We're not out of luck though: we still have the option of writing a linker script. And with that, we should be able to explicitly specify the alignment of the program sections.
ENTRY(_start);
SECTIONS
{
. = 0x10000 + SIZEOF_HEADERS;
.text ALIGN(16) (READONLY) :
{
*(.text)
*(.text*)
}
.rodata ALIGN(16) (READONLY) :
{
*(.rodata)
*(.rodata*)
}
}
With this, it is no longer constrained to 0x1000 alignment. And, surprisingly, we beat Zig.
$ gcc -g -Oz -fno-builtin -nostdlib -ffreestanding -Wl,--no-dynamic-linker -no-pie -fno-stack-protector -T linker.ld main.c && strip a.out && ./a.out
Hello, world!
This binary executable is a mere 1384 bytes, about 5 times smaller than our 6K Zig binary.
Of course, we also need appropriate Zig reference. Our original example is no longer as valid, since we're not using PIE and just doing a single write syscall (which is technically not correct; the correct way to do it would be to repeat it until it has successfully transmitted all of your data, but we'll rely on the syscall on Linux tending to work the first time anyway).
const std = @import("std");
pub export fn _start() void {
_ = std.os.linux.write(std.os.linux.STDOUT_FILENO, "Hello, world!\n", 14);
std.os.linux.exit(0);
}
And the result is...!
Zig still beats us at 1032 bytes. That was honestly quite funny when I saw that.

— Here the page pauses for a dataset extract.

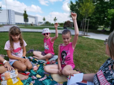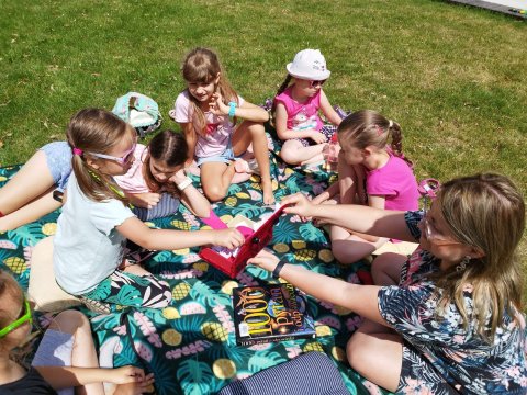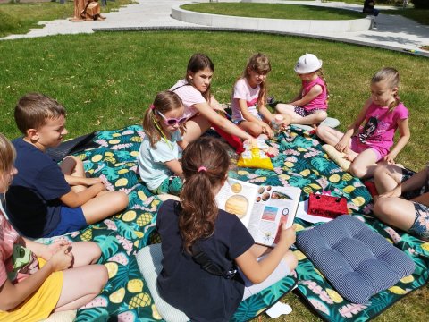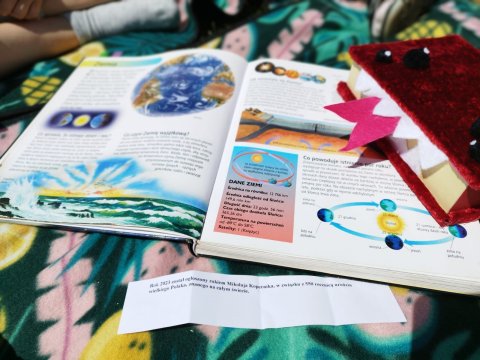 Uczestnicy bibliowakacji zostali zaproszeni do działu „Patrząc w niebo”, by poznać wszystkie planety, rozwiązywać zagadki, które pomagały przybliżać temat układu słonecznego oraz zjawisk atmosferycznych. Dzieci poznały także ciekawostki z życia astronoma – Mikołaja Kopernika. Rok 2023 został ustanowiony bowiem przez Senat RP Rokiem Mikołaja Kopernika. Datę powiązano z wypadającą w tym roku rocznicą pięćset pięćdziesiątych urodzin i czterysta osiemdziesiątą rocznicę śmierci polskiego uczonego.
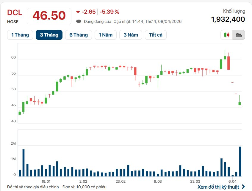 Rộng hơn, hồi đầu tháng 10/2025, cổ phiếu DCL giao dịch ở ngưỡng 30.000 đồng/cổ phiếu, sau đó mã cổ phiếu dược này hút mạnh dòng tiền từ các nhà đầu tư, liên tục thiết lập đỉnh giá lịch sử mới. Tính đến đầu tháng 4 vừa giá, thị giá cổ phiếu DCL đã tăng hơn 100% chỉ sau nửa năm.

But, remember, this is only by 352 bytes. That's not a lot of data. Let's directly compare the sections:
- .text Zig is 19 bytes smaller.
- .rodata is the same. (side note: I wonder if you can chop off a byte by getting rid of the null terminator.)

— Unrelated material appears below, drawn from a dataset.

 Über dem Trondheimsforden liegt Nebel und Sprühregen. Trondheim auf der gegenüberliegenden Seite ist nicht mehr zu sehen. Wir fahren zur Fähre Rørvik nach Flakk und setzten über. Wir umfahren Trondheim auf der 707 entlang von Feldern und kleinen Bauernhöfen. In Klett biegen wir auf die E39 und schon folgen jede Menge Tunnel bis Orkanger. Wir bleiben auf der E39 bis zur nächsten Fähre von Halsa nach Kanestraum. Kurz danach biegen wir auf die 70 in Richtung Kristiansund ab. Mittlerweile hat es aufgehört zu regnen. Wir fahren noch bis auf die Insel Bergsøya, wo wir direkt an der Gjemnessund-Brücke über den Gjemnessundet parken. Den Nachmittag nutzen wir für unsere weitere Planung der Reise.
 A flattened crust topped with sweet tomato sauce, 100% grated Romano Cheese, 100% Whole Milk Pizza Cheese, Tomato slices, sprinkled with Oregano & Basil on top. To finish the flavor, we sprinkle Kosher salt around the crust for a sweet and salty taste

- .eh_frame C is 36 bytes smaller.
- .eh_frame_hdr C is 8 bytes smaller.
- .comment Zig is 8 bytes smaller.
- .shstrtab Zig is 38 bytes smaller.
- And C has additional sections .note.gnu.property and .note.gnu.build-id, respectively taking up 48 bytes and 36 bytes.

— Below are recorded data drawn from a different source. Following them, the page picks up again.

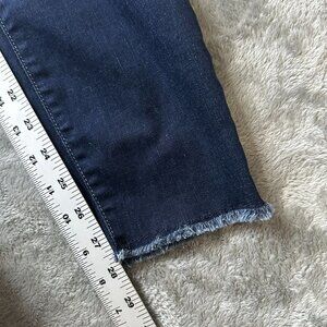 Eileen Fisher Jeans Size 4 Dark Wash Raw Hem Mid Rise Stretch Straight Slim
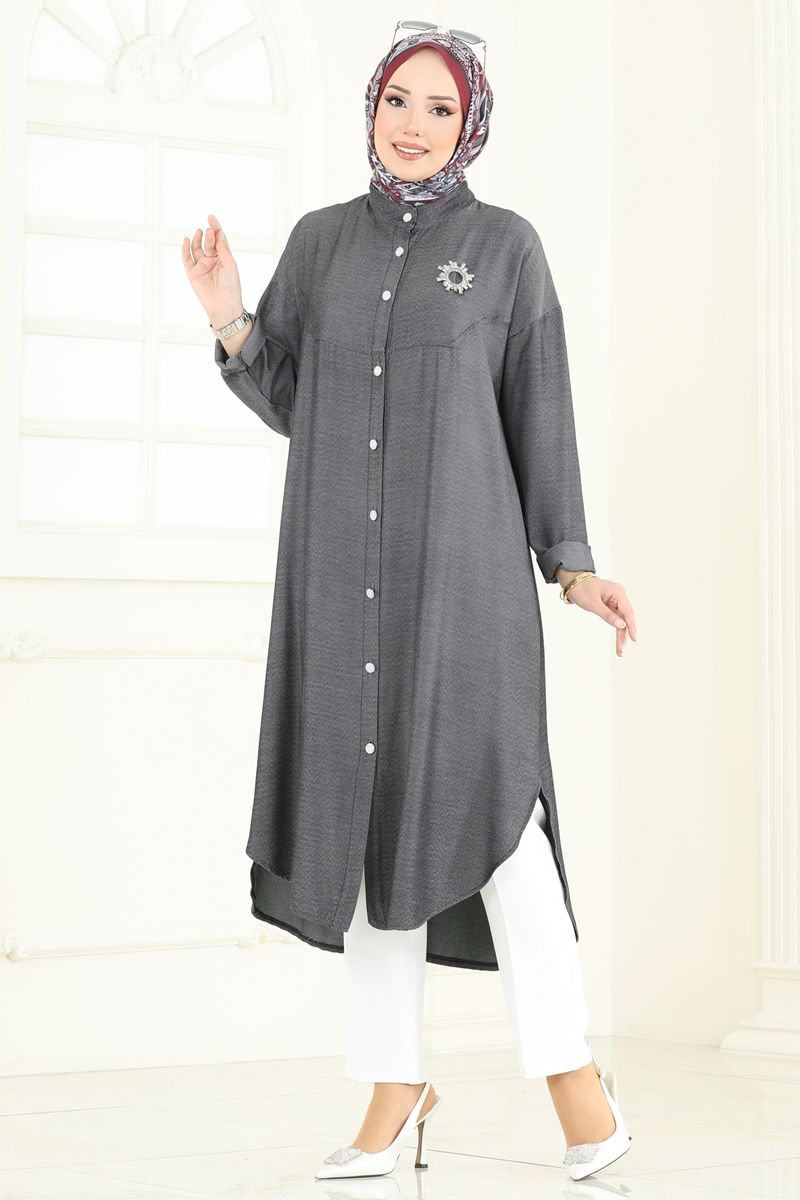 تفاصيل المنتج: إنه منتج أزياء الحجاب للموسم الجديد. المنتج عبارة عن طوق القاضي. يجب أن يكون المنتج مزررًا من الأمام. يحتوي القميص على شقوق جانبية. إنه غير مبطن. المنتج لديه رداء. المنتج لا يتضمن الملحقات. بسبب جلسات التصوير المفاهيمية، قد تكون هناك اختلافات في درجة اللون في المنتج.
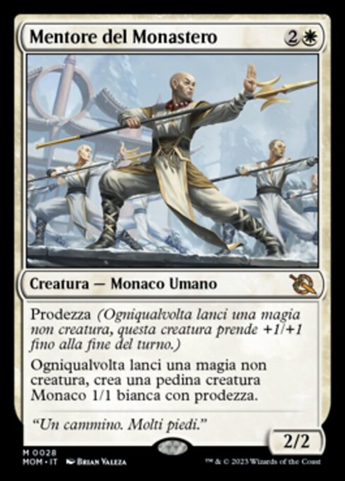 | Rules | Prowess (Whenever you cast a noncreature spell, this creature gets +1/+1 until end of turn.) Whenever you cast a noncreature spell, create a 1/1 white Monk creature token with prowess. |

At the very least, this accounts for 105 of those bytes. The C program also has more section headers, and more program headers, so those probably take up some space as well. We are also forcing alignment by 16, which is not necessary, and some bytes may be being lost to that.
ENTRY(_start);
SECTIONS
{
. = 0x10000 + SIZEOF_HEADERS;
.text ALIGN(1) (READONLY) :
{
*(.text)
*(.text*)
}
.rodata ALIGN(1) (READONLY) :
{
*(.rodata)
*(.rodata*)
}
/DISCARD/ :
{
*(.note.gnu.property)
*(.note.gnu.build-id)
}
}
$ gcc -g -Oz -fno-builtin -nostdlib -ffreestanding -Wl,--no-dynamic-linker -Wl,--build-id=none -no-pie -fno-stack-protector -T linker.ld main.c && strip a.out && ./a.out
Hello, world!
So, removing those two additional sections and changing alignment from 16 to 1, we end up with 960 bytes. We beat Zig! For now. I'm sure if I tried for longer, I could get the Zig program to take up a comparable amount of space, but I think this is enough to show how small C can actually get if you get rid of the bloat.